Academy Award Nominee, Best Writing, Screenplay Based on Material Previously Produced or Published, Ted Elliott, Terry Rossio, Joe Stillman and Roger S.H. Schulman, 2002.
Nominee, Best Comedic Performance, Mike Myers, MTV Movie Awards, 2002.
Nominee, Best Comedic Performance, Eddie Murphy, MTV Movie Awards, 2002.
Nominee, Best Movie, MTV Movie Awards, 2002.
Nominee, Best On-Screen Team, Mike Myers, Eddie Murphy and Cameron Diaz, MTV Movie Awards, 2002.
Nominee, Black Reel Award, Best Supporting Actor, Eddie Murphy, 2002.
- Originally Released in 2001.
- Running Time: 89 minutes.
Cartoon Production Information:
The film grossed $267.7 million in domestic box office sales, making it the third highest-grossing movie of 2001. Home video sales were huge.
Yes, it does take some well-earned potshots at Disney icons, and I also noticed a few nods to Monty Python and the Holy Grail and even Citizen Kane. But what Shrek most resembles- in spirit- are the irreverent "Fractured Fairy Tales" that Jay Ward produced for TV. Like those classics, Shrek is kind enough to (a) use its satire as throwaway gags, rather than loudly calling attention to its genius, and (b) assume, like all the best cartoons, that both adults and children can enjoy a well-made, hilarious animated movie.
The story has great fun with turning fairy-tale conventions on its head, starting with the "Once upon a time" tale which the ogre Shrek (voiced by Mike Myers) reads so sweetly and then ends up using as... well, perhaps I shouldn't say it here. Suffice to say, the movie turns a lot of cliches about love's first kiss inside out by way of demonstrating that, by golly, true love really can come to those who wait, even ogres.
In the meantime, Shrek acquires a sidekick (a donkey with the voice of Eddie Murphy) who himself is enough of a wink at Disney cliches, in that he is actually funny and has a personality. Shrek and the donkey save an imprisoned princess (Cameron Diaz), and that would be enough story for most cartoons right there. But by the time the princess is saved, the movie is only one-third finished, and the princess is an original enough character to be annoyed at the manner of her rescue.

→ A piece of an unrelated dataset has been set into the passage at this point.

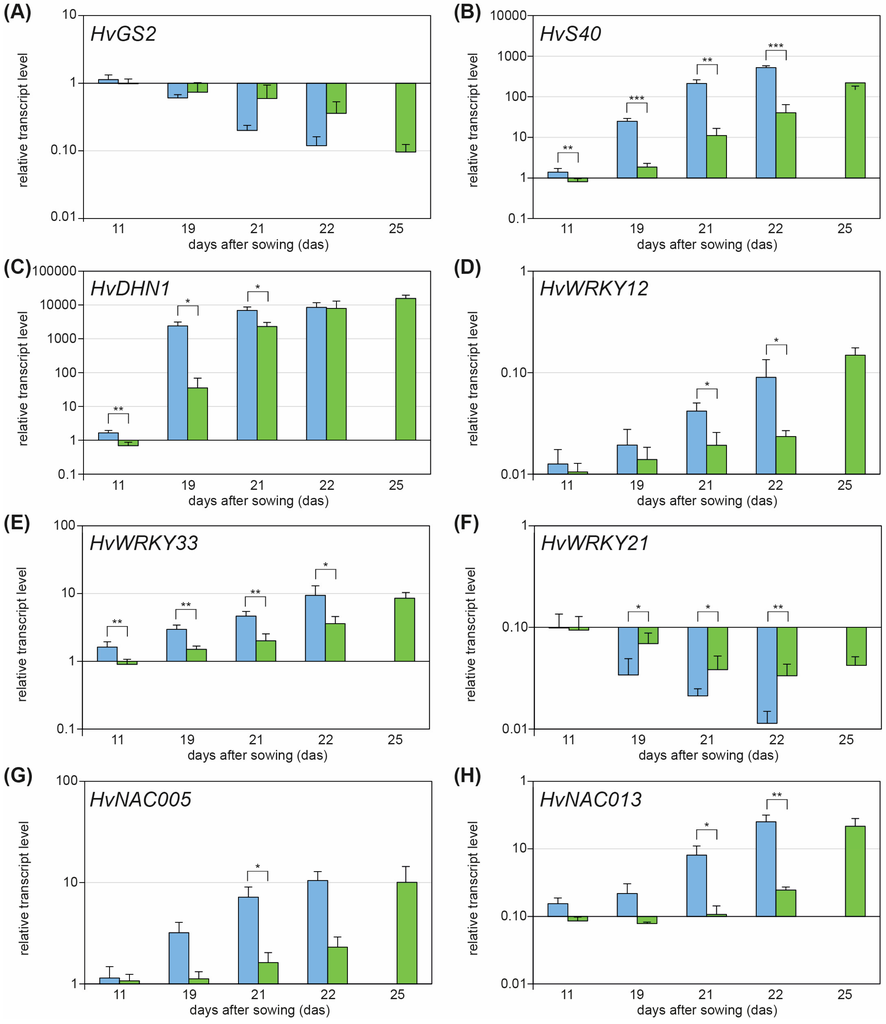 Relative transcript levels in drought-stressed WT (light blue) and RNAi-W1 (light green) plants of (A) senescence down-regulated gene HvGS2; (B) senescence-associated gene HvS40; (C) drought stress-related HvDHN1; (D,E,F) WRKY transcription factor genes HvWRKY12, HvWRKY33 and HvWRKY21 and (G,H) NAC transcription factor genes HvNAC005 and HvNAC013. At each data point, transcript levels in drought-stressed plants are compared to those in control plants. Asterisks indicate statistically significant differences (paired Student′s t-test p values, * p < 0.05; ** p < 0.01; *** p < 0.001) between drought-stressed WT and RNAi-W1. Each data point represents the average (±SD) from at least three independent, individual experiments.

And that is the charm of Shrek, because just when it seems to follow familiar paths, you find that the movie's makers have quite a few surprises to unfurl. Like the best animated films. Shrek has densely filled landscapes, characters, and plot twists that make most of its live-action movie competitors look puny in comparison.

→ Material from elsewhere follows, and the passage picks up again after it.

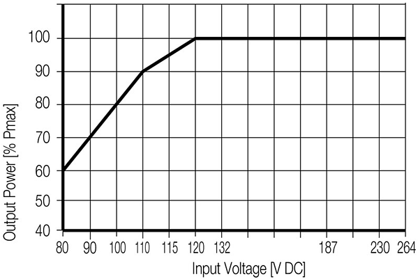 - Eingangsspannungsbereich: 80 VDC bis 370 VDC (Derating bei 120 VDC)

Kudos are richly deserved all around, from the great voice actors (including John Lithgow as a snotty and diminutive prince), to skillful directors Vicki Jenson and Andrew Adamson (never is a shot too lingering or too short), to the gifted writers who adapted the original children's book- and to DreamWorks Pictures, which has tried hard the last couple of years to be a contender and pretender to the Disney throne. This time, they might just have succeeded.